The coefficients are used to derive a colour in the spectrogram. There is no obvious way to map N coefficients to 3 RGB colour coefficients. I chose therefore to use Principal Component Analysis to do dimension reduction from N to 2. This preserves maximum variation in the data, ensuring maximum colour contrast in the spectrogram. The two colour components and the signal intensity can be mapped to colour using, for example, MSLuv. The actual colours that result have no significance other than a way to correlate different chirps in the same spectrogram.

The Python numpy library provides a convenient way to implement this.

Results

This is all very well, but how does it work in the real world with actual bat calls?

Frustratingly, I finished building the adaptive beamforming feature in November 2023, some time after all sensible bats have gone into hibernation for the winter. So I can only test it with artificial sounds such as jangling keys.

Results based on key jangling are promising. I am looking forward to testing it out with real bats in spring 2024

In the absence of any bats, I tested the feature by jangling a bunch of keys, moving them in a 180 degree arc from left to right. The sound of the keys is rendered as a range of red, violet, peach and yellow colours as their location changes. Background noise is rendered as turquoise, so is easily distinguished from the sound of interest.

Future Improvements

Only two microphones were used in this proof of principle implementation. But, MEMS microphones are cheap, as electronics. The STM32H750 microcontroller I am using has unused ADC channels and plenty of unused processing power. Directional resolution could be much improved by having more microphones. Even just an increase to three should result in a real improvement.

Stereo Detection

The larger holes near the microphone ports allow an acoustic horn or baffle to be accurately located. The baffle is only used stereo separation is required; for adaptive beamforming, no baffle is present.

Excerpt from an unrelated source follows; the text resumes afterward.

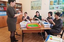 В ходе заседания учитель-дефектолог 3 коррекционного класса Емельянова Е.П. продемонстрировала занятие на тему «Путешествие в песочную страну».

The most obvious application for a two channel bat detector is the ability to record bats calls in stereo. When heterodyned in stereo, the sound of these noctules flying around my local park is rather wonderful. More practically, it also gives the listener a cue where to look to see the bat.

To achieve stereo separation between the two channels of the BatGizmo, some kind of baffle is needed, as shown in the picture. The baffles mean that the left microphone picks up sound most strongly from the left; the right microphone from the right. The baffles are also an effective acoustic horn, increasing signal intensity without any corresponding increase in detector self noise.

A limitation of stereo bat detection is the finite bandwidth of USB audio, based on the “full speed” USB spec as most commonly implemented in Android tablets and phones. This limits stereo detection of 16 bit data to a 192 kHz sampling rate, while 384 kHz is possible in mono mode.

Appendices

More Information

This paper outlines audio beamforming based on LMS.

This document compares the beamforming performance of various arrays with differing numbers of microphones.

Microphone arrays for studying echolocation.

TLAs

ARM – Acorn RISC machine. A processor core designed in the 1980s in Cambridge, living on in most mobile phones and many other products.

DSP – Digital signal processing.

FIR – Finite impulse response. This is one of two common types of filter used in DSP.

HPF – High pass filter. A filter that progressively attenuates signals below a certain cut off frequency.

IIR – Infinite impulse response. This is one of two common types of filter used in DSP.

LMS – Least mean square. This is an algorithm commonly used in DSP to iteratively adapt a FIR filter to model a particular situation, as the signal delay between two microphones. Another application is sound cancelling headphones.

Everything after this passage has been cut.